Rewarding Miners: Bankruptcy games and Pooling Strategies

Speaker : Marianna Belotti
SU&CNAM&Caisse des Dépôts
Date: 18/12/2019
Time: 2:00 pm - 3:00 pm
Location: Paris-Rennes Room (EIT Digital)

Abstract

In the Bitcoin system, mining is the procedure through which miners can gain money on regular basis by finding solutions to a mathematical crypto puzzle (full solution) which validates bitcoin transactions. In order to reduce the uncertainty of the remuneration over time, miners cooperate and form pools. Each pool receives a reward which has to be split among pool’s participants. The focus of this paper is to understand which is best method for a mining pool to redistribute the reward among cooperating miners using proper game theoretical models.
There exist, in the literature and in practice, several reward functions which allocate bitcoins inside pools such as: (i) the proportional rule, (ii) the pay-per-share rule and (iii) an incentive compatible rule ensuring that miners report full solutions to the pool immediately and not with a delay.

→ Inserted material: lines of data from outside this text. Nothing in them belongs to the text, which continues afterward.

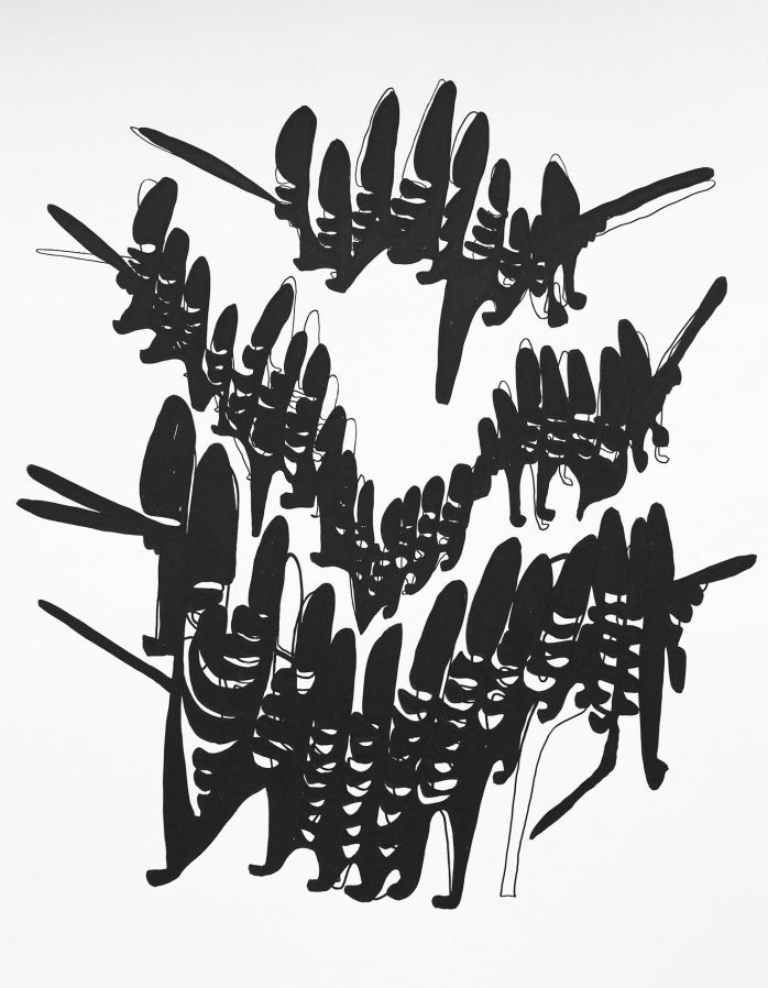 François Borie dessine, toujours, les formes répétitives de ses personnages qui se lient, s’emboitent à l’envie. Ce sont les mêmes personnages et pourtant toujours différents. On perçoit dans son univers ce désir obstiné de créer les variations d’un même thème. Un sentiment renforcé par la multiplicité de ses figures et de ses oeuvres. L’artiste crée une proximité entre le spectateur et ce ballet d’ombres en mouvement. Entre opacité et légèreté, dureté et apesanteur, le regard est engagé dans un jeu de mise en tension complexe dans lequel le vide et le plein semblent cohabiter dans le cadre même de l’oeuvre et de l’espace d’exposition.
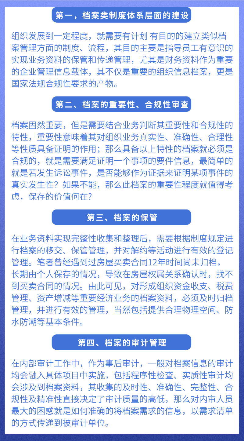 对于一个组织来说,对档案资料的管理必须是一致性要求,每个人都深知各种信息资料的重要性程度,并积极的去维护和践行,这不仅需要不断的档案管理宣贯,同时并与合规性一样,形成一种工作习惯和文化。尤其对于审计人员来说,会通过审计,起到档案管理规范化管理的推动作用。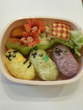 相変わらず、マイペースなブログの更新・・・先週小4の娘の校外学習がありました。琵琶湖に浮かんでいる沖島にいくとか。淡水湖に浮かぶ島に人が住んでいるのはめずらしいらしい。(日本では唯一この沖島だけだとか?)校外学習、お弁当がいるのでキャラ弁をつくりました。【豆しばの体】Seria(セリア100円ショップ)で購入のデコふり『紫』『黄』『緑』使用のおにぎりマルアイのデコふりです。ご飯に混ぜるとピンク・緑・黄・赤・紫色になるふりかけ5色いり。【豆しばの耳】玉子焼きをタピオカ用ストローでくりぬく。黄色の玉子焼き=卵の黄身だけ使用紫の玉子焼き=卵の白身に赤と青の食紅を溶いた水を少々緑の玉子焼き=卵の白身に緑の食紅を溶いた水を少々【豆しばの目、鼻、口】焼き海苔を にこにこパンチで抜いたもの。デコ弁キット。にこにこパンチパッチンしてにこにこ顔のできあがり!アーネスト にこにこパンチ3パッチンしてパッとかわいいお弁当アーネスト にこにこパンチパート最近作ったキャラ弁うさぎの親子弁当どうぶつの森 たぬきち弁当明日は上の娘の誕生日です。何のごちそうをつくろうかなあ。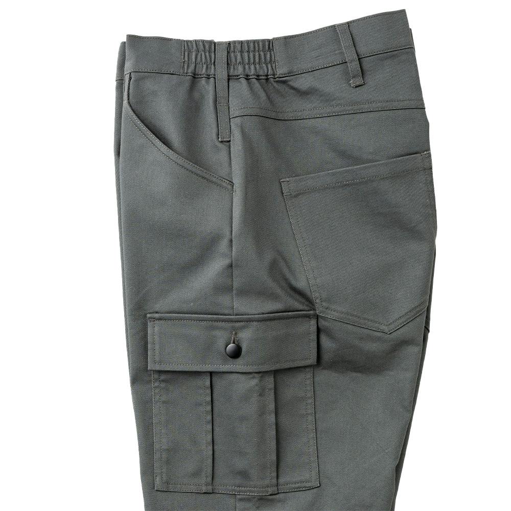 ●丈夫な綿混素材 ●サイドポケット付き ●ウエスト脇ゴム、フラップポケット、ダブルループ、ファスナーポケット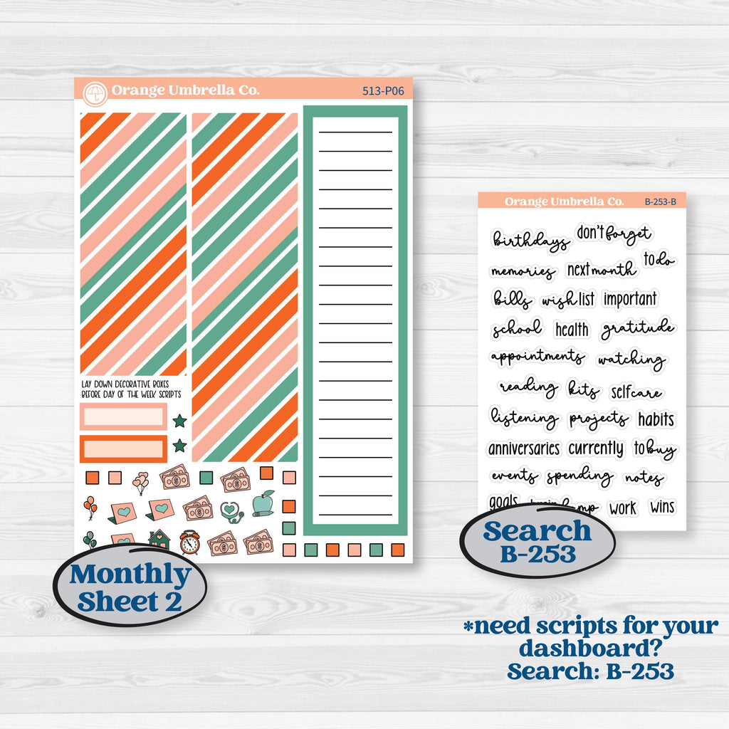 P06: Monthly Sheet 2: Sheet Size: 4.8β x 7β / Sidebar: 1.4β x 6.1β, decorative cover boxes: 1.24β x 1.47β (seamless pattern), 4 decorative cover boxes: 1.24" x 1.47" (seamless pattern), various labels, icons, and individual checkboxes ($3.19)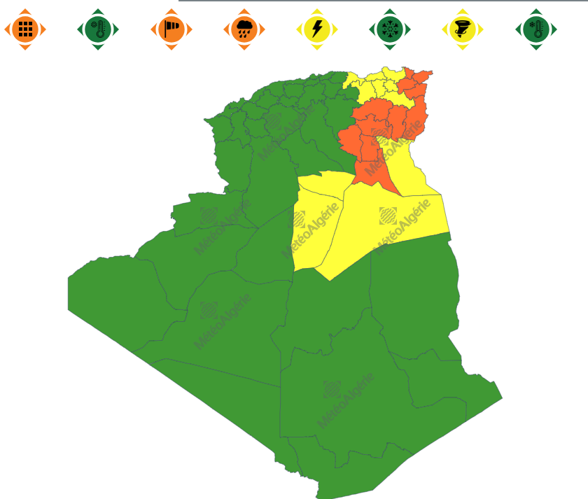 كما حملت النشرية تنبيها باللون الأصفر يتعلق بتساقط أمطار ورياح قوية على سكيكدة، قسنطينة، ميلة، جيجل، سطيف وبجاية.

However, this last rule encourages a harmful intra-pool behaviour (i.e. pool hopping) in bankruptcy situations (where the gained reward results insufficient to remunerate pool miners) that causes a loss in terms of pool’s computational power.
By reinterpreting the allocating rules as outcomes of bankruptcy games (i.e., a type of cooperative games) we construct two new reward functions (i.e., the PPS-CEA and the PPS-CEL) and investigate their properties. The PPS-CEL rules results having a good inter-pool behavior discouraging pool hopping however, concerning the intra-pool behavior it does not behave as well as the incentive compatible rule.
We provide then a suitable modification of the PPS-CEL that discourages pool hopping in bankruptcy situations while guaranteeing the incentive compatible property.